Word embedding Projector

From Algolit

Type: Algoliterary exploration
Dataset(s): Glove
Technique: word embeddings
Developed by: Google Tensorflow

The projector from Google Tensorflow-package allows to visualize a multidimensional space by projecting it into a 2 or 3 dimensional space. This allows us to peek into the wordspace formed by the word embeddings from the datasets we use (in this example the glove.42B dataset). The projection shows not the whole dataset, but a selection of 10000 words (or less).

Such large-dimensional spaces are for a human impossible to perceive visually. Some mathematical techniques exists to make specific projections of such a space into lower-dimensional spaces (in analogy to the use of perspective to visualize a 3 dimensional space on a 2-dimensional space or a plane).

The Tensorflow projector uses Principal Component Analysis (PCA) to create a projection into the 2 or 3 dimensions in which the greatest variance of the dataset can be expressed. PCA does not change the word embeddings but only changes the point of view by rotating the axes of the space to make sure that the first dimensions show the largest variance (= the largest differences between the words). Next these first 2 or 3 dimensions are shown on the screen.
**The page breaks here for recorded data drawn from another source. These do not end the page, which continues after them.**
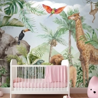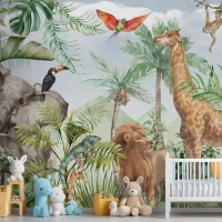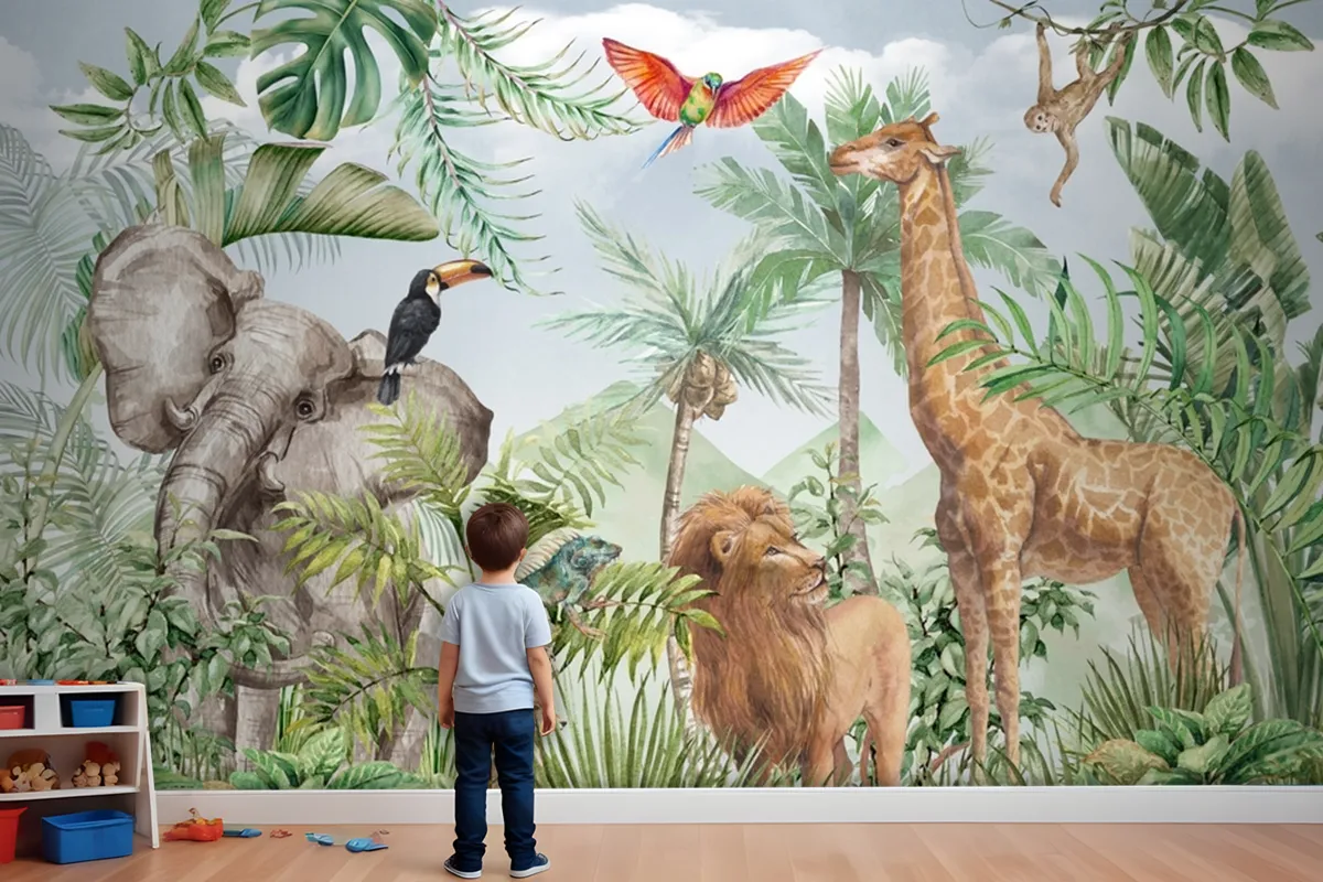 Suluboya Yaban Hayatı Afrika Hayvanları Çocuk Odası Duvar Kağıdı
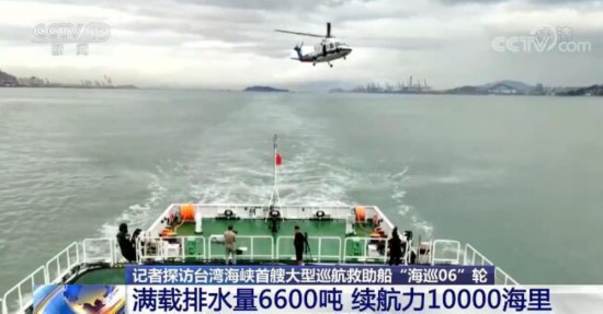 总台央视记者 郑连凯:我现在所在的位置是厦门国际邮轮中心码头,我身边停靠的就是台湾海峡首艘大型巡航救助船“海巡06”轮,这艘船,长128.6米,宽16米,体型大、能力强。它的满载排水量6600吨,最高航速23节,相当于每小时43公里左右,续航力10000海里。它能够到达全球除南北极以外的所有海域,是台湾海峡目前体型最大、能力最强的公务执法船。在船尾的甲板上,可以看到一个直升机平台,它纵向长约22.7米,横向宽约16米,差不多有一个篮球场那么大,而它的旁边就是直升机库。
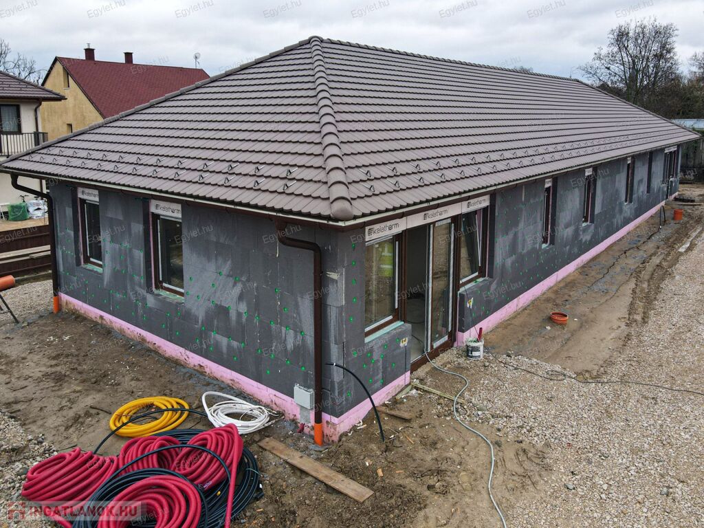 Vasbeton sávalapon 30 cm-es Porotherm falazat nyugszik, fa födémmel, cserép héjalással, alul 12 cm, oldalt 15 cm, míg a födémen 30 cm-es fújt cellulóz szigeteléssel. A lakások között az elválasztó falak duplán vannak rakva (nincs áthallás), a kertrészek között és a padlástérben is biztosított a szeparáltság. Fontos kiemelni, hogy a lakásokba nem kerül bevezetésre a gáz. A fűtést, a hűtést és a használati meleg vizet Daikin hőszivattyú biztosítja 260L-es melegvíz tárolóval, az A+-os energetikai besorolást hővisszanyerős szellőztetőrendszer(!) biztosítja. A hőleadás helyiségenként szabályozható padlófűtéssel, illetve mennyezeti hűtés/fűtéssel történik. A szobákból így nem foglalnak helyet a radiátorok, nincs szükség klímára sem. A hőszivattyú működését napelemmel lehet segíteni, de ezek nem kerülnek felszerelésre, csupán előkészítésük lesz biztosítva az inverterig. A nyílászárók barna színű, 5 kamrás műanyag ablakok, 3 rétegű üvegezéssel. Hőhídmentes rejtett redőnytokok készülnek melyek elektromos alumínium redőnyt kapnak. A riasztó előkészítését az ár tartalmazza, de a rendszerét és a telepítését nem. Minden lakáshoz 1 db felszíni gépkocsi beálló tartozik, melyet motoros kapun keresztül lehet megközelíteni. A projekt, számos környékbeli referenciával rendelkező beruházó által lesz megvalósítva. A beruházó tőkeerős, nem a vevők pénzéből építi fel az ikerházat.Az építkezés elkezdődott és a tervezett ütemben halad.
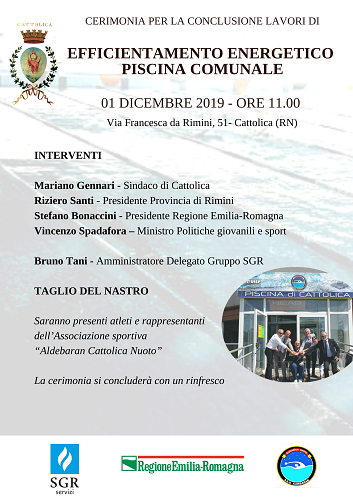Domenica 1 dicembre 2019 cerimonia di conclusione dei lavori di “EFFICIENTAMENTO ENERGETICO PISCINA COMUNALE DI CATTOLICA”
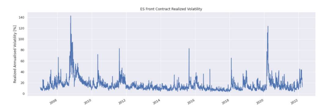 When evaluating the various estimates we use the realized volatility as proxied by the one based on 5-minute intervals. The below chart shows this realized volatility, annualized, over the full sample period. As expected, we see the largest spikes in volatility occurring during larger sell-offs, such as in March 2020 and during the Global Financial Crisis in 2008.
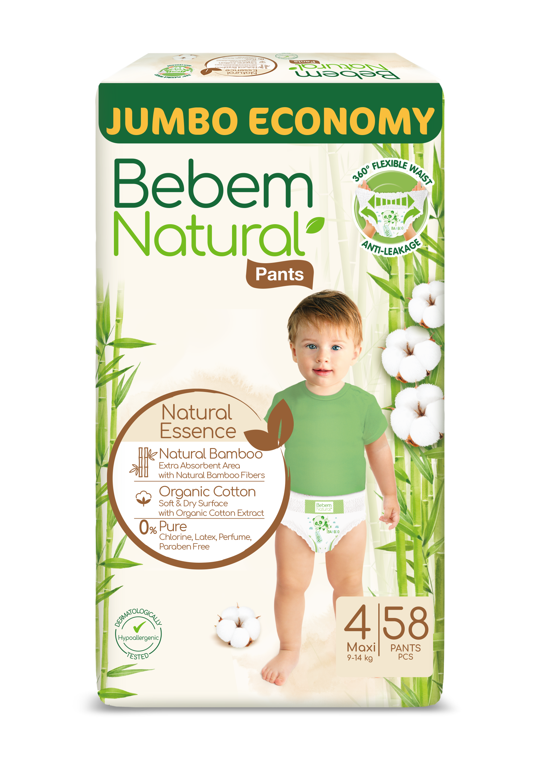 Bamboo and Organic Cotton, 0% Chlorine, Paraben, Latex, Perfume Bebem Natural Pants Size 4
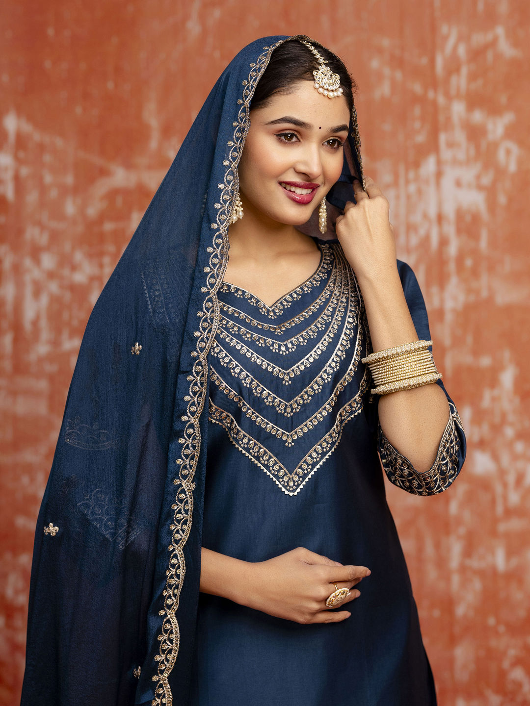 in Blue with Embroidered work

On the left panel it is indicated how much of the variance is expressed in this projection.

The Tensorflow projector also provides a t-SNE projection. t-distributed stochastic neighbor embedding (t-SNE) does not show the original wordspace, but shows a probability distribution in 2 or 3 dimensions of words being similar or not. Words being similar, or near each other in the word embedding space, will be shown near each other in the projection, while words which are dissimilar are shown far apart from each other. In other words, the t-SNE projection tries to preserve the relative distances between the words in the 300-dimensional word embedding space in the 2 or 3D projection.

Both projections give us a peek into what language means when it is perceived by the computer through algorithms creating word embeddings (like Glove or word2vec). (Dis)similarity in words is expressed by the distance of the words. Associations between words present in the original texts by co-occurences of words will be reflected in the distances in the word embedding space. They can be explored visually through these projections, or mathematically by calculation the distances in the word embedding space.